# 1x4 Let-In Diagonal Bracing Alternatives



## HandymanDHW (Aug 31, 2016)

Hi All, 

I have a question regarding the use of 1x4 lumber as diagonal bracing to prevent racking in un-sheathed walls.

It appears that in the building code, when a wall is unsheathed (i.e. uses no plywood or uses non structural sheathing such as foam insulation) then diagonal bracing is required to resist racking from wind forces.

The prescriptive bracing method is to use 1x4 lumber extending in a diagonal line from top to bottom plates, at an angle between 45 and 60 degrees from horizontal. The code lists requirements for the number, size and placement of nails as well but it escapes my mind right now. Also, the standard way of installing the bracing is within a channel cut into the studs so that the bracing and stud faces are flush, making it easier to install drywall or foam sheathing on top.
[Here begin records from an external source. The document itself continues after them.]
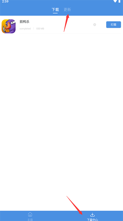 1、进入之后,点击右下方的中心,上方会有更新按钮点击。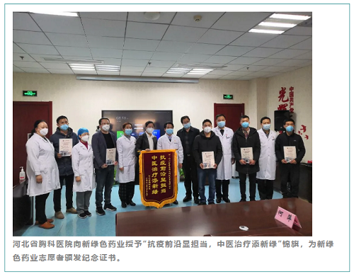 會上,河北醫療救治中醫專家組領隊、河北省中醫藥發展中心主任孫慶臣對新綠色藥業的抗疫馳援工作給予了高度評價。並代表醫院向新綠色藥業贈送了“抗疫前沿顯擔當,中醫治療添新綠”錦旗及感謝信,爲新綠色藥業的志願者們頒發了紀念證書。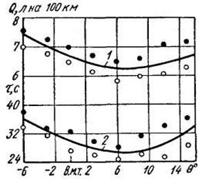 По результатам испытаний при разгоне автомобиля строят экономическую и динамическую характеристики его по углу опережения зажигания при разгоне (рис. 23). Кривая 1 показывает изменение расхода топлива в л на 100 км пути при разгоне автомобиля и различных углах опережения зажигания, а кривая 2 - изменение времени разгона автомобиля при этих же углах опережения зажигания.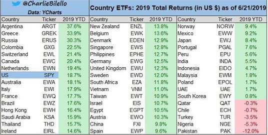 Jak widzimy na przedstawionym zestawieniu, najwięcej można było zyskać stawiając na ETF-y krajów, które kojarzą się z bardzo ryzykownymi kierunkami inwestycyjnymi. Od początku roku (do 21 czerwca) najwięcej zyskali inwestorzy posiadający ETF-y: Argentyny (37,6 proc.), Grecji (33,9 proc.), Rosji (33,3 proc.) oraz Kolumbii (22,5 proc.). Co ciekawe, z 48 porównywanych krajów, tylko 5 ETF-ów znajdowało się pod kreską. Największą stratę widzimy w przypadku Pakistanu (-12 proc.).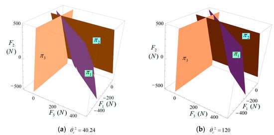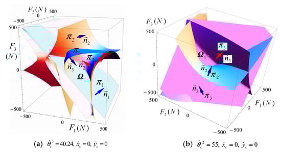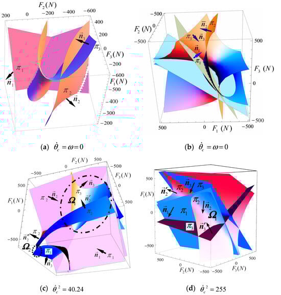 Consider that the ranges of the external loads are confined within . Three external load distribution surfaces, , , and , satisfying the requirements of the dynamic stability at static singularities corresponding to Equation (15), are shown in Figure 4a. In the plane, > 0 is distributed along the direction of the normal . > 0 is distributed in the outer space of the surface based on along the direction of the surface normal . As increases, expands outward in the direction. > 0 is distributed in the inner and outer space of the surface based on along the direction of the surface normal . As increases, the complex surface of the space shrinks inward toward . In the eight quadrants, , , and intersect only in the first quadrant. Therefore, the range that can meet the dynamic stability requirements at static singular configurations is the local space enclosed by the surfaces and in the first quadrant. Obtaining this local space with stable motion by trial-and-error numerical methods is challenging. When the values of are altered, the intersecting distribution spaces of the external loads that satisfy dynamic stability at singularities may undergo changes or even cease to exist.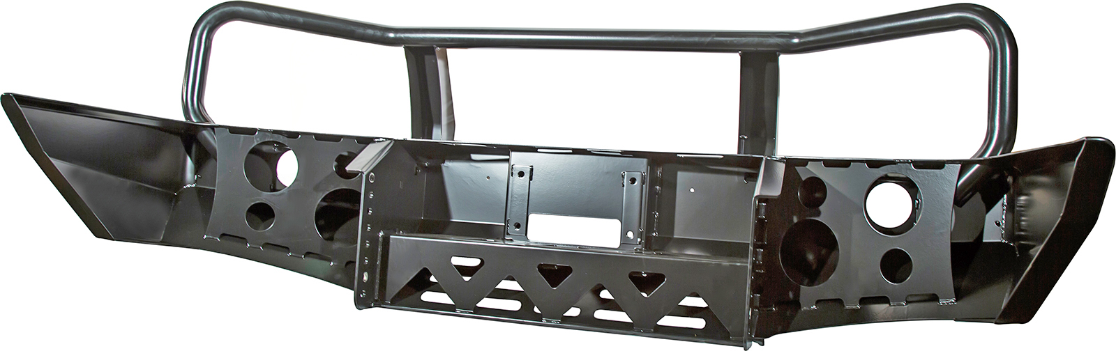 Бампер оснащен мощными упорами под реечный домкрат и буксирными проушинами для работы с рывковой или буксировочной стропой. Тщательно продуманная конструкция внутренних усилителей обеспечивают максимальную надежность бампера, стойкость к высоким нагрузкам и сильным ударам.
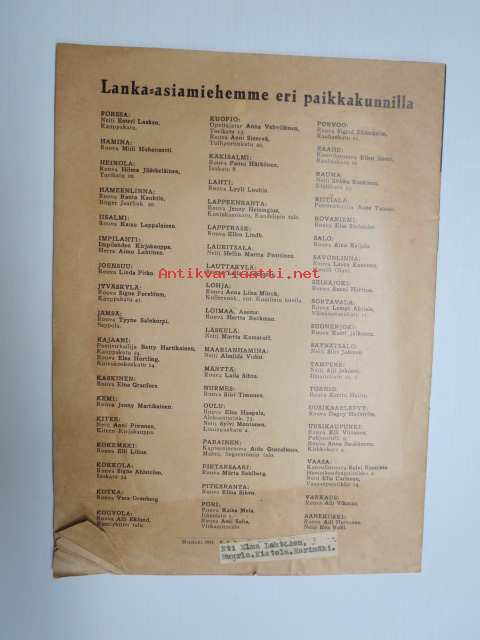 Viiri 1939 nr 1 Neovius Oy asiakaslehti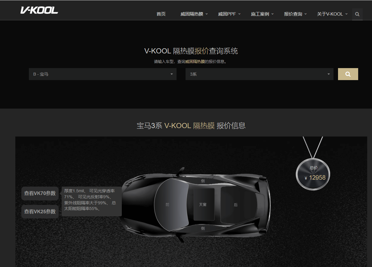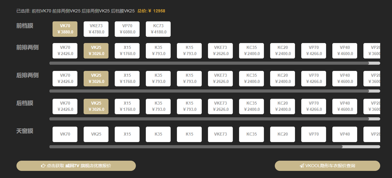 如你所见,宝马3系威固VK70前挡价格(官方报价)为3880元,前排两侧挡VK25官方报价3026元,同样是VK25车身(即侧后挡)官方报价3026元,后档膜也用VK25型号价格3026元,天窗膜暂时未算入其中,所以全车官方报价=3880+3026*3= 12958元。值得一提的是,威固官方报价并不等于门店实际售价,一般来说,实际售价都会有稍许的优惠(如果遇到活动会有对应的折扣)。当然,如果你想了解当下的一个实际优惠价,也可以点击右侧的【在线咨询】进行线上咨询,或者直接拨打官网电话400-808-1165和官方客服一对一沟通,对价格会有更深入的了解。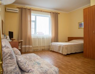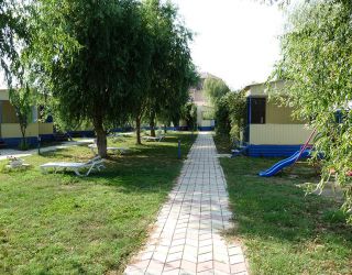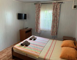 Двухэтажный гостевой дом занимает небольшую закрытую территорию, разместившуюся в 500 метрах от побережья. Гостей ожидают классические двухместные номера, разместиться можно и в отдельном летнем домике. Во всех номерах есть санузел с душем, сплит-система или кондиционер, телевизор и холодильник.
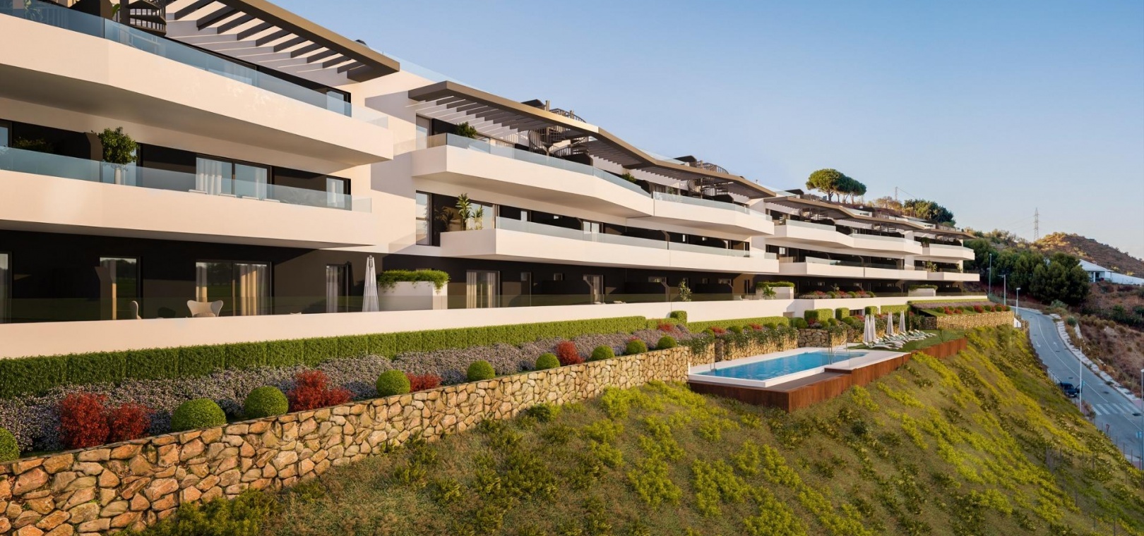 Both its avant-garde homes and its complete communal areas are laid out to blend in with the surroundings. With the vegetation and landscape as a backdrop, it opens up to the spectacular views of the bay of Malaga, without renouncing the panoramic views that surround the complex, sheltered by the natural parks of the Sierra de Tejada and the Montes de Malaga.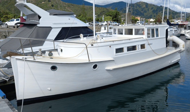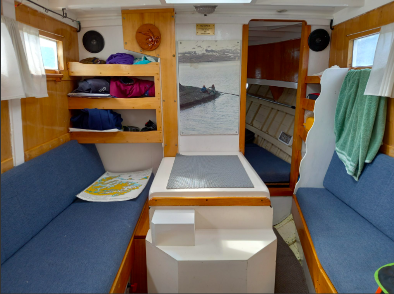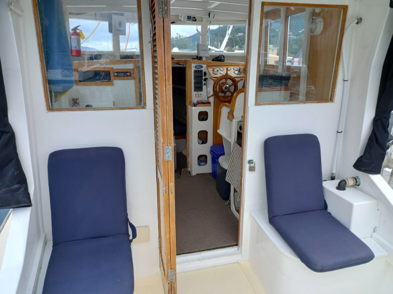 Forward motion is via a 80hp Ford Dover diesel engine that gets her along at a comfortable 7.5 knots.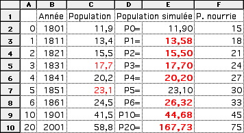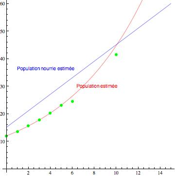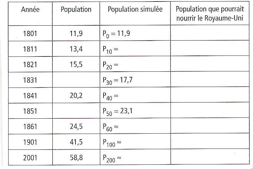 jerem=besoins d'aide Posté(e) le 1 avril 2012 Signaler Posté(e) le 1 avril 2012 Exercice 3 = l'économie anglais Thomas Malthus publie en 1789 son " Essaie sur le principe de population " dans lequel il prétend que la faim et la misère sont étroitement liés au fait " la population croît selon une progression géométrique " alors que " la nourriture disponible ne peut augmenter que selon une progression arithmétique" . Vérifions d'abord la première affirmation. le tableau ci-après donne la population du Royaume- Uni en millions d'habitants entre 1801 et 2001. 1) Calculer le taux d'évolution de la population entre 1801 et 1841 (on arrondira à 0,01%). 2) Calculer le taux d'évolution décennal (sur 10 ans) moyen sur cette période ( on arrondira à 0.01%). 3) On veut faire une simulation de l'évolution de la population du Royaume- Uni avec le taux décennal précédent. On note Pn cette population, n années après 1801. a) Calculer P10, P 20, P 40, P 60, P100, P 200 ( on fera les calculs exacts, et on arrondira à 0,1 % près) et compléter le tableau ci dessus. b) Que peut - on dire de la valeur obtenue par simulation pour 1841? et ensuite ? 4) a) On veut déterminer quand la population simulée aura doublé. Pour cela, calculer le taux annuel d'évolution équivalent au taux décennal utilisé ( on arrondira à 0,01%). b) Avec ce taux d'accroissement annuel, calculer la population simulée en 1852. Y a- t-il doublement de la population ? c) Combien d'années faut -il pour qu'il y ait de la population ? 5) On estime que le Royaume - Uni produisait en 1801 de quoi nourrir 15 millions de personnes et qu'il pouvait en nourrir 0,3 million de plus chaque année. a) Calculer le nombre de personnes que pouvait nourrir le Royaume - Uni chaque année du tableau, et en compléter la troisième colonne. b) En quelle année, d'après cette simulation, le Royaume -Uni ne pourrait -il plus nourrir sa population.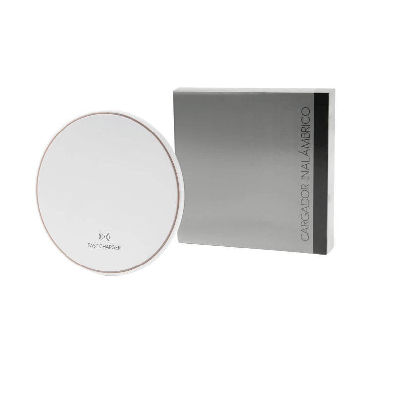 Cargador inalámbrico "fast charge". Velocidad máxima de carga 15W. Se enciende luz color verde cuando está en reposo y luz color azul cuando está en proceso de carga. Incluye cable auxiliar tipo C y caja individual.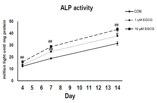 In comparison to control cultures, the ALP activities of EGCG (1 and 10 µmol/L)-treated cultures were increased by 11% and 30% (p < 0.05) on the 4th day, by 30% (p < 0.01) and 52% (p < 0.01) on the 7th day, and 20% (p < 0.05) and 37% (p < 0.05) on the 14th day, respectively (Figure 3). The experiments were repeated at least three times and showed similar effects.

I'm building a super-insulated house with an exterior wall system consisting of two parallel 2x4 stud walls with a 5" gap in between for a full cavity thickness of 12". The outside wall will be sheathed with plywood on the exterior so racking is not a concern but the inside wall will only have drywall on the interior. It will be independent from the outside wall and won't have any structural components to resist racking... unless I install 1x4 diagonal bracing. A g to put it would be on the outside of the interior wall... within the 5" gap between the two walls. Because there's no paneling going in there, I wouldn't necessary need to bother with notching the studs and installing the bracing flush... I could just nail it directly to the faces of the studs.

Provided I followed all the other code requirements and only ignored the part where the bracing is actually recessed into the studs, do you think that would be okay?

There is no official adoption of the building code where I live and no inspectors. It's completely up to me to make sure my house is structurally sound.

Thanks.


----------



## Msradell (Sep 1, 2011)

I really wonder if you need bracing and the inner wall since the outer wall will be braced with plywood. I really don't see how it could rack. However if you think it's necessary I don't see anything at all wrong with the method you propose. I do have a question about fire blocking however. Have you done any research into how walls built like this are fire blocked? Normally it is very simple by just putting a piece of 2 x 4 or possibly 2 x 6 between adjacent studs. However just doing that would provide fire blocking the type of all your building.


----------



## HandymanDHW (Aug 31, 2016)

Thanks for your reply.

Fire blocking typically isn't used in new houses around here, even in the cities and large towns where there are inspections and strict adherence to the building codes.

The typical method of construction is to use a simple 2x6 studded wall on the exterior, 24" O.C. and to fill the cavities with fiberglass batt insulation with no fire blocks. They are used on interior walls however.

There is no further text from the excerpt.